1.2.3. Multimodal Inputs and Processing
💡 First Principle: Multimodal models process and generate across more than one data type — text, images, audio, documents — within the same context window. This unlocks use cases that pure text models cannot handle, but introduces different data processing requirements upstream.

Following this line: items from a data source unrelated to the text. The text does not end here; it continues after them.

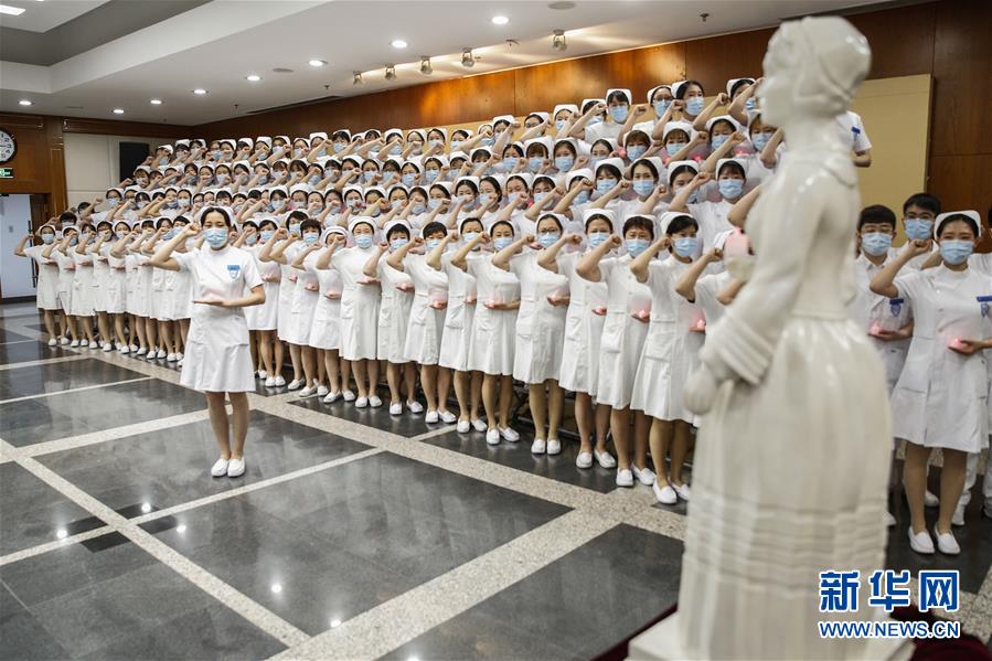 4月26日,北京大學人民醫(yī)院新入職護士參加授帽儀式時重溫南丁格爾誓言。當日,北京大學人民醫(yī)院為97名2019屆新入職護士舉行隆重莊嚴的授帽儀式和重溫南丁格爾誓言的活動,以此紀念南丁格爾誕辰200周年和即將到來的“國際護士節(jié)”?;顒舆€邀請了5名援鄂國家醫(yī)療隊護士代表分享戰(zhàn)“疫”故事。新華社記者張玉薇攝
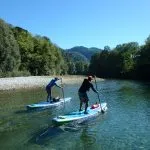 Anyone who can swim is welcome to join our stand-up paddleboarding tours, even without any prior experience with SUP. If you feel unsure, we can provide you with a life jacket — just tell us before the tour. You need some prior experience to join our whitewater tour in Bovec, but we give you a course in the specifics of tackling the rapids on a stand-up paddleboard. You just need to know the basics, before you get there.
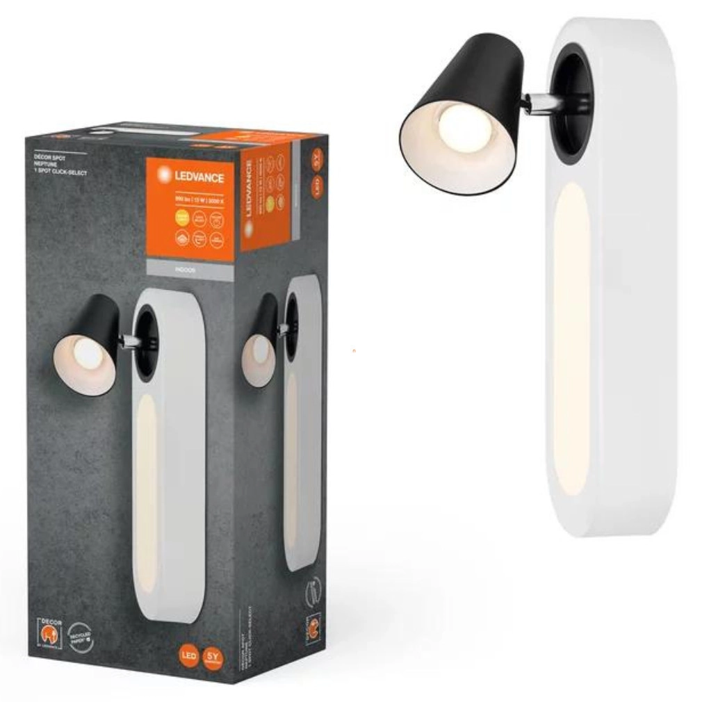 A Ledvance LED spot lámpa (Neptun) egy modern, falra szerelhető világítótest, amely 13 W teljesítményű beépített LED modullal működik. A lámpatest 490 lumen fényáramot biztosít, melegfehér, 3000 K színhőmérséklettel, amely ideális hangulatot teremt lakótérben. A termék fehér színű, fém és műanyag anyagból készült, sugárzási szöge 101 fok, színvisszaadási indexe (CRI) 80, így a megvilágított tárgyak természetes színeiben jelennek meg. A lámpa 220-240 V névleges feszültséggel működik, IP20 védettséggel és IK03 ütésállósággal rendelkezik, ami beltéri használatra teszi alkalmassá. Átlagos élettartama eléri a 30 000 órát, méretei: 90 mm hosszúság, 137 mm szélesség, 300 mm magasság. A csomagolás mérete 13x17x37 cm, a termék tömege 0,79 kg. A Ledvance által gyártott lámpa logisztikai kódja: 4058075828308.
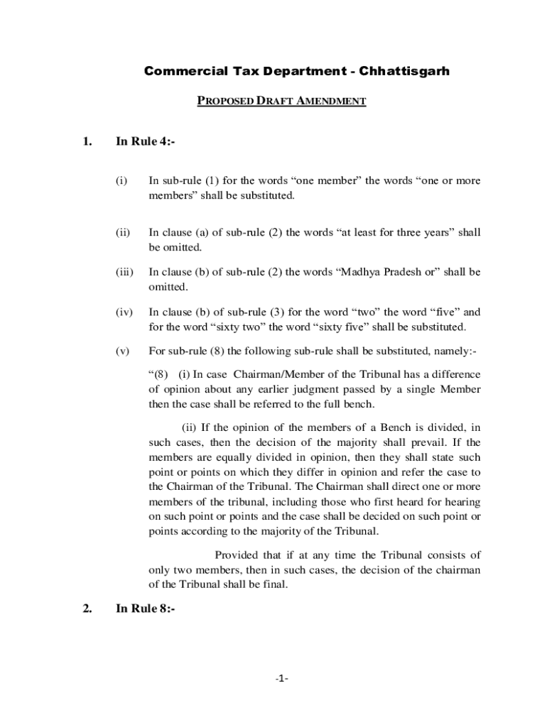 Commercial Tax Department Chhattisgarh PROPOSED DRAFT AMENDMENT 1. In Rule 4:(i)In subrule (1) for the words one member the words one or more members shall be substituted.(ii)In clause (a) of subrule
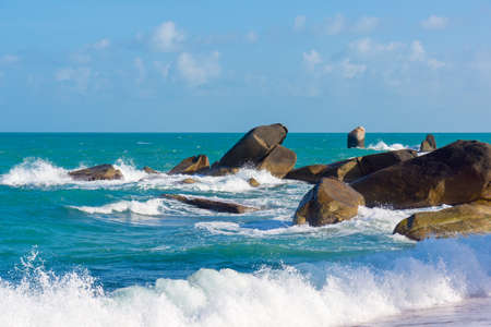 Blue sea with large boulders in the water. beautiful seascape. Travel and tourism.
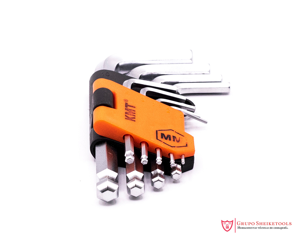 El brazo corto acabado en punta allen y el brazo largo acabado en bola. Las llaves están endurecidas por tratamiento térmico con acabado cromado. Capacidad de apriete y protección contra la oxidación.
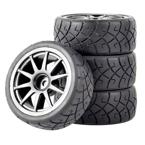 Vexilon 4PCS Grip Tires And Wheel, for HSP, for HPI, 1/10 1.10 On-Road Speed Car Rc Car Rubber Tyre Replacement
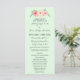 Programa de boda personalizado en flores silvestres de acuarela rosa rosa de color rosa con fondo de menta. Personalizar estas tarjetas del orden de la ceremonia con tu propio texto.
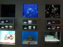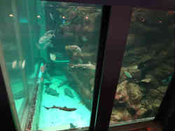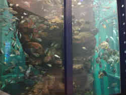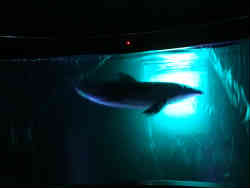 ここはあの日本一縦長の水槽です。上からと横からと底へと階段に沿って色々の場面から見ることができます。右は透明の壁面に吸い付くコバンザメで左は中間部です。壁は結構綺麗ですが、海水は酸素の泡が見えていますのでやや濁って見えますが綺麗です。 | ![]() |
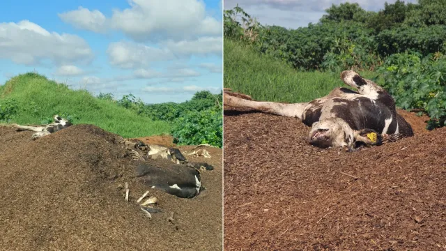 Durante a fiscalização, equipes do 2º Distrito Policial de Ponta Grossa constataram o descarte irregular de diversas carcaças de gado bovino a céu aberto, sem qualquer tipo de cobertura ou proteção do solo, o que favorece a contaminação ambiental. No local, também foi identificada uma lagoa de estrume sem tratamento adequado, indicando falhas graves no manejo de resíduos.
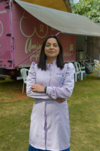 “Com o diagnóstico precoce, a chance de cura do câncer de mama é quase 100%. Por isso, é tão importante vir fazer a mamografia. O exame é tranquilo, eu fico de 8 a 10 minutos com o paciente em sala. E depois, com o resultado, o paciente terá o acompanhamento do mastologista e do ginecologista para ter o tratamento correto”, explicou a técnica de enfermagem da Carreta da Saúde, técnica de enfermagem da Carreta da Saúde, Maria Valéria, que realiza as mamografias.
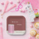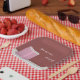 Abbildung eines Löffels aus rosa Faden mit Nähnadel.

The key multimodal capabilities relevant to AIP-C01:
| Modality | AWS Services | Typical Use Case |
|---|---|---|
| Text → Text | Bedrock (all text FMs) | Summarization, Q&A, generation |
| Image → Text | Claude 3.x via Bedrock, Titan Multimodal | Document understanding, image analysis |
| Text → Image | Stable Diffusion via Bedrock | Image generation |
| Audio → Text | Amazon Transcribe (pre-processing) | Meeting notes, voice interfaces |
| Document → Text | Amazon Textract + Bedrock, Bedrock Data Automation | PDF extraction, form processing |
Processing pipeline for multimodal data: Raw data (PDFs, images, audio) is never sent directly to an FM without preprocessing. The typical pipeline:
- Extract text/structure from documents (Textract, Transcribe)
- Normalize data format to FM-expected input (JSON/base64)
- Chunk for context window management
- Embed and index for retrieval
- Invoke the FM with properly formatted multimodal content
⚠️ Exam Trap: Images are passed to multimodal Bedrock models as base64-encoded bytes within the API request body — not as S3 URLs. The model cannot reach out to S3 directly. Preprocessing and encoding must happen in your Lambda or application layer before the Bedrock API call.
Reflection Question: You need to build a system that answers questions about scanned PDF invoices. What processing steps occur before a foundation model ever sees the data?